▶ Supplied entries

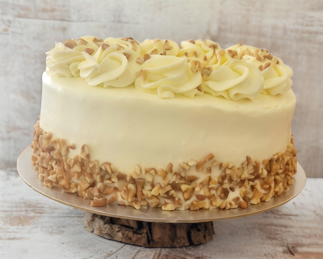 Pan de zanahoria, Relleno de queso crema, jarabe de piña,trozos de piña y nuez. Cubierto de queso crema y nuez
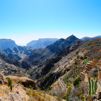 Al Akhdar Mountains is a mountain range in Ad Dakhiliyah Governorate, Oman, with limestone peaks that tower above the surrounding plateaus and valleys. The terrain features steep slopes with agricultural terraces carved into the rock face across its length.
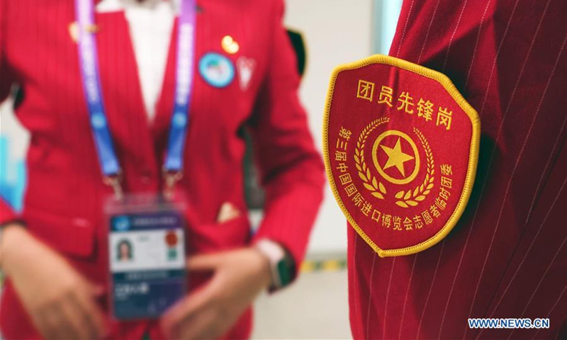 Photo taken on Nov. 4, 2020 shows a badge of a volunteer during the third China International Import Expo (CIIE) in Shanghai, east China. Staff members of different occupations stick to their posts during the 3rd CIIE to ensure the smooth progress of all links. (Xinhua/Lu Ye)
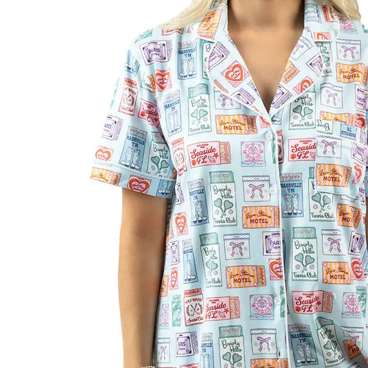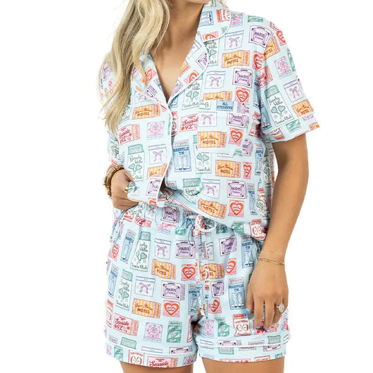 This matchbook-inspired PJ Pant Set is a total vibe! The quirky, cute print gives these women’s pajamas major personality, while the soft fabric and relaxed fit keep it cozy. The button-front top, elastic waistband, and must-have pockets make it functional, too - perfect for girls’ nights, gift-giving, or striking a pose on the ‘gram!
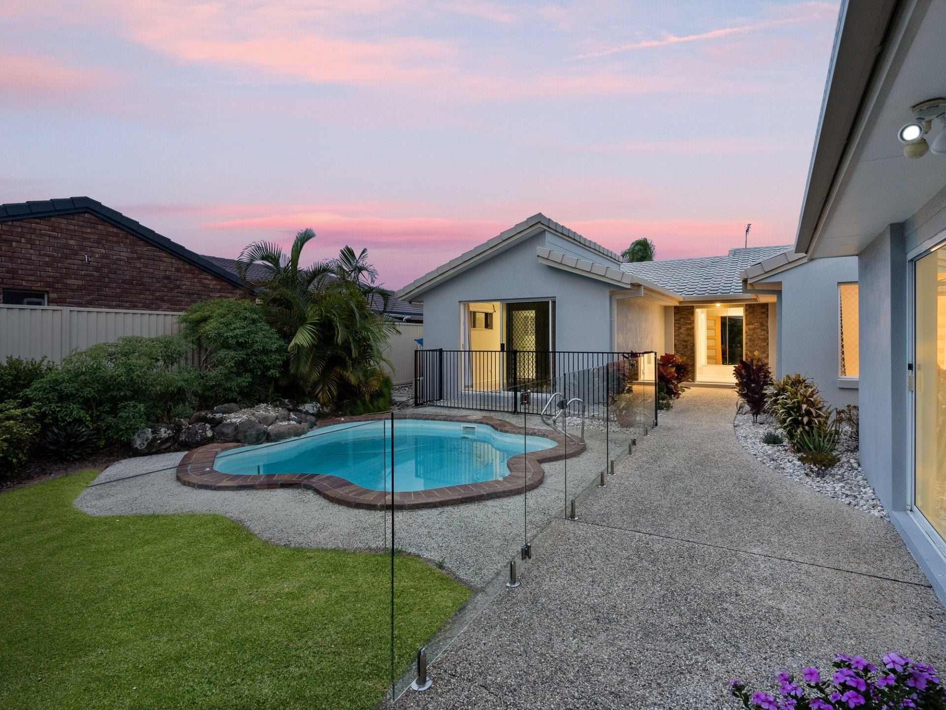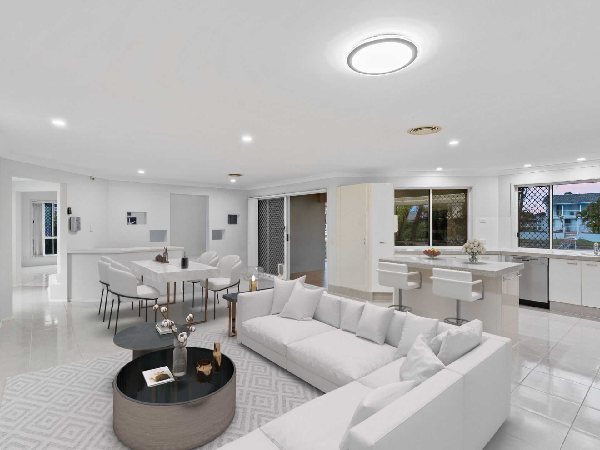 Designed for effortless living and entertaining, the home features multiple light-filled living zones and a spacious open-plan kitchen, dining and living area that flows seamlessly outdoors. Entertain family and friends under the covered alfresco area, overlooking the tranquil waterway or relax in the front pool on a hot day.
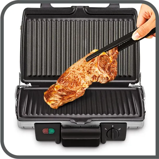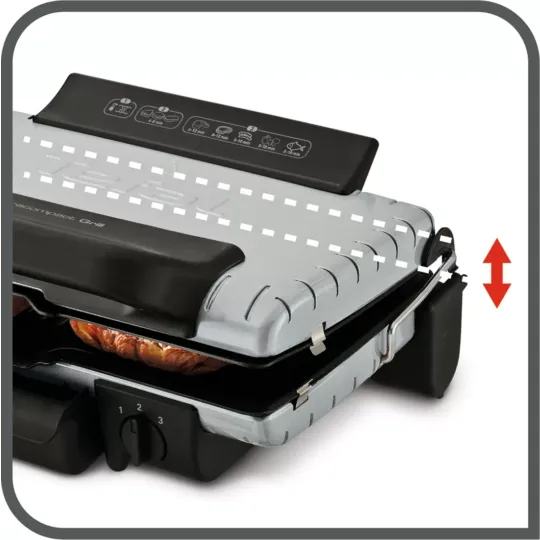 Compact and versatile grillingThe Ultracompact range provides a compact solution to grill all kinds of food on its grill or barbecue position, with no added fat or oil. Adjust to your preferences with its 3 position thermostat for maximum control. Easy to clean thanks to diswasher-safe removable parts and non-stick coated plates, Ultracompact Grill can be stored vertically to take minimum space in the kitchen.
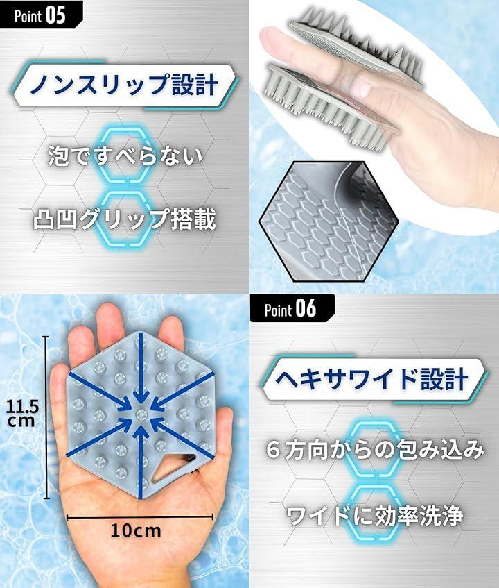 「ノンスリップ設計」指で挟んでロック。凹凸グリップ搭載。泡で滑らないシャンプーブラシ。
* * *
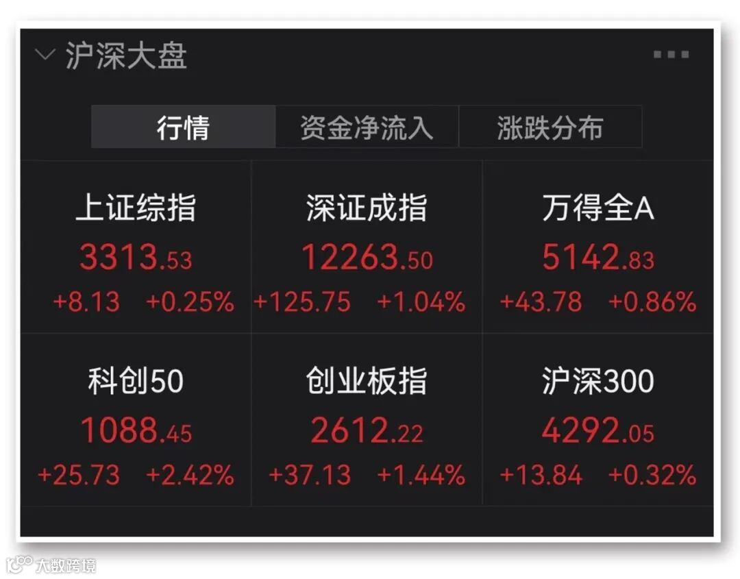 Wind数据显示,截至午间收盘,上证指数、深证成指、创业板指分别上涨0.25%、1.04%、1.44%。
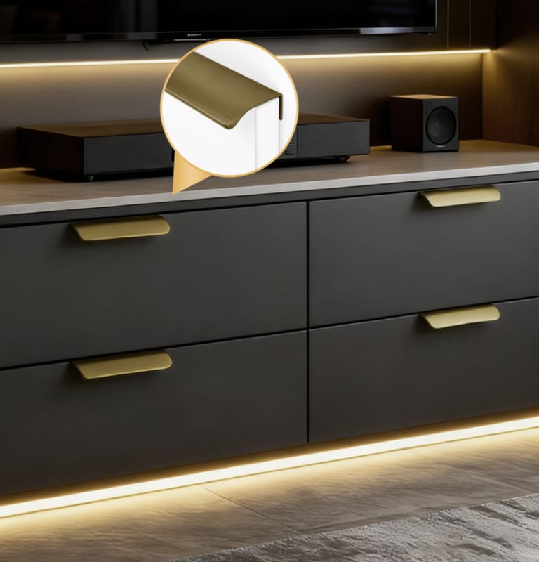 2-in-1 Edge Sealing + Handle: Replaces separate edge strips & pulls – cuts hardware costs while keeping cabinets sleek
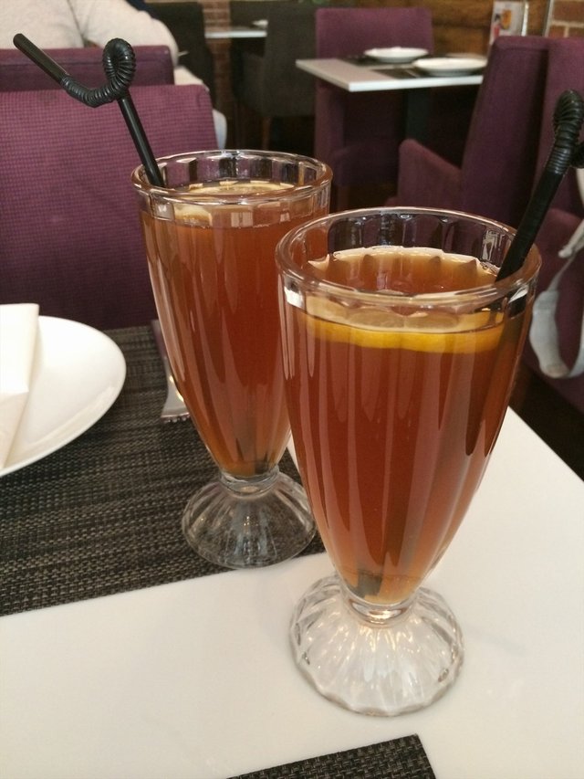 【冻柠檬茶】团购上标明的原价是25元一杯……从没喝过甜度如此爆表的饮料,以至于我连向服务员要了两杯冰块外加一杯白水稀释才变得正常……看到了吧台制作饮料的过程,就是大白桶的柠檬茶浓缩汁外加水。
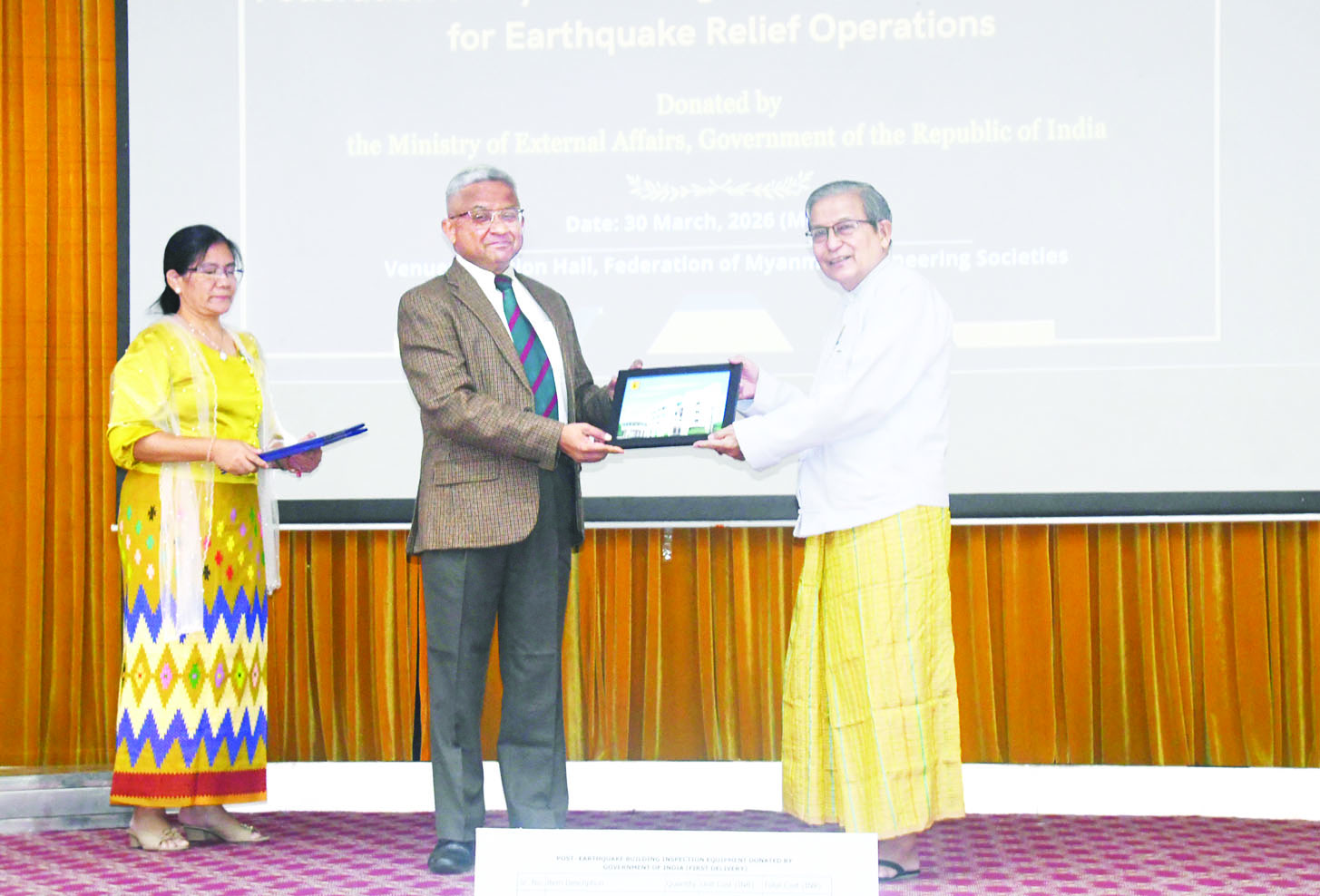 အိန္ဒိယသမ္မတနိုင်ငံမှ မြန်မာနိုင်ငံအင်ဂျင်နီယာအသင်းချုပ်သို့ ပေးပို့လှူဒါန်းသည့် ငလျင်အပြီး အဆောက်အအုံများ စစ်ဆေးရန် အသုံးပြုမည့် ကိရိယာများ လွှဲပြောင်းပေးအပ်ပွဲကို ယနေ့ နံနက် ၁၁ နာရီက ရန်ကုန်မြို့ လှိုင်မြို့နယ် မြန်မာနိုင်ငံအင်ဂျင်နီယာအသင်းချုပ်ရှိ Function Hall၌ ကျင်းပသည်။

▶ Work item
Above are records; repeat only the lines from the line with "Al Akhdar Mountains" through the line with "Photo taken on", and leave pictures out.

▶ Written response
 Al Akhdar Mountains is a mountain range in Ad Dakhiliyah Governorate, Oman, with limestone peaks that tower above the surrounding plateaus and valleys. The terrain features steep slopes with agricultural terraces carved into the rock face across its length.
 Photo taken on Nov. 4, 2020 shows a badge of a volunteer during the third China International Import Expo (CIIE) in Shanghai, east China. Staff members of different occupations stick to their posts during the 3rd CIIE to ensure the smooth progress of all links. (Xinhua/Lu Ye)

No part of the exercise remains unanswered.